> _To do_
Restate each record below word for word, skipping images.

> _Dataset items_
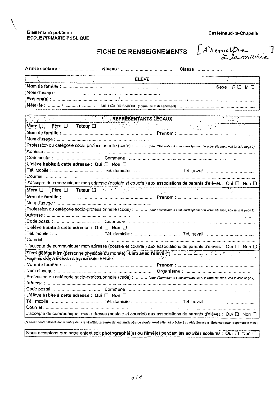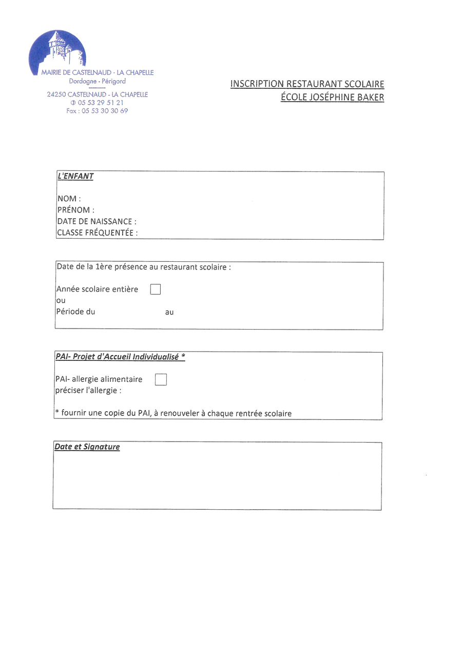 2nd temps : démarche à l’école Joséphine Baker par téléphone : 05 53 29 54 17
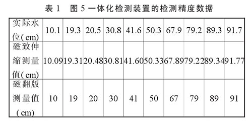 我們把圖5所示的一體化檢測(cè)裝置進(jìn)行了水位檢測(cè)實(shí)驗(yàn),其檢測(cè)結(jié)果與實(shí)際水位值見表
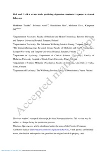 Results: Higher baseline serum IL-1Ra and IL-8 levels were associated with a smaller relative change in the MADRS-score within the first six weeks of treatment in linear regression analysis (p<0.001 and p=0.007, respectively). In further analysis comparing groups with ≤ 24 and > 24 MADRS score only the ≤ 24 MADRS score group showed a similar association.
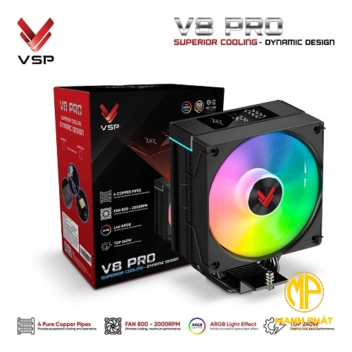 Tản Nhiệt Khí VSP V8 Pro Black (LED Monitor ARGB 4 Pipes 1 Fan 240W)
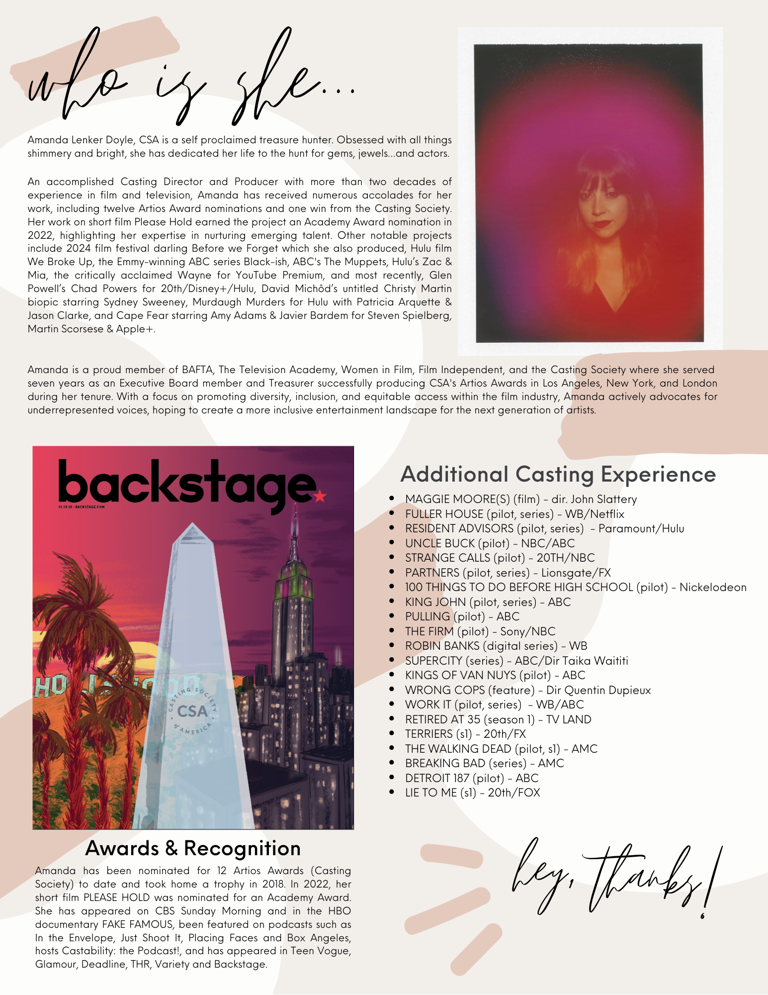 Amanda is a proud member of BAFTA, Women in Film, The Television Academy, Film Independent, and the Casting Society where she served seven years as an Executive Board member and Treasurer successfully producing CSA's Artios Awards in Los Angeles, New York, and London during her tenure. With a focus on promoting inclusion, and equitable access within the film industry, Amanda actively advocates for underrepresented voices, hoping to create a more inclusive entertainment landscape for the next generation of artists.

> _Result of the task_
 2nd temps : démarche à l’école Joséphine Baker par téléphone : 05 53 29 54 17
 我們把圖5所示的一體化檢測(cè)裝置進(jìn)行了水位檢測(cè)實(shí)驗(yàn),其檢測(cè)結(jié)果與實(shí)際水位值見表
 Results: Higher baseline serum IL-1Ra and IL-8 levels were associated with a smaller relative change in the MADRS-score within the first six weeks of treatment in linear regression analysis (p<0.001 and p=0.007, respectively). In further analysis comparing groups with ≤ 24 and > 24 MADRS score only the ≤ 24 MADRS score group showed a similar association.
 Tản Nhiệt Khí VSP V8 Pro Black (LED Monitor ARGB 4 Pipes 1 Fan 240W)
 Amanda is a proud member of BAFTA, Women in Film, The Television Academy, Film Independent, and the Casting Society where she served seven years as an Executive Board member and Treasurer successfully producing CSA's Artios Awards in Los Angeles, New York, and London during her tenure. With a focus on promoting inclusion, and equitable access within the film industry, Amanda actively advocates for underrepresented voices, hoping to create a more inclusive entertainment landscape for the next generation of artists.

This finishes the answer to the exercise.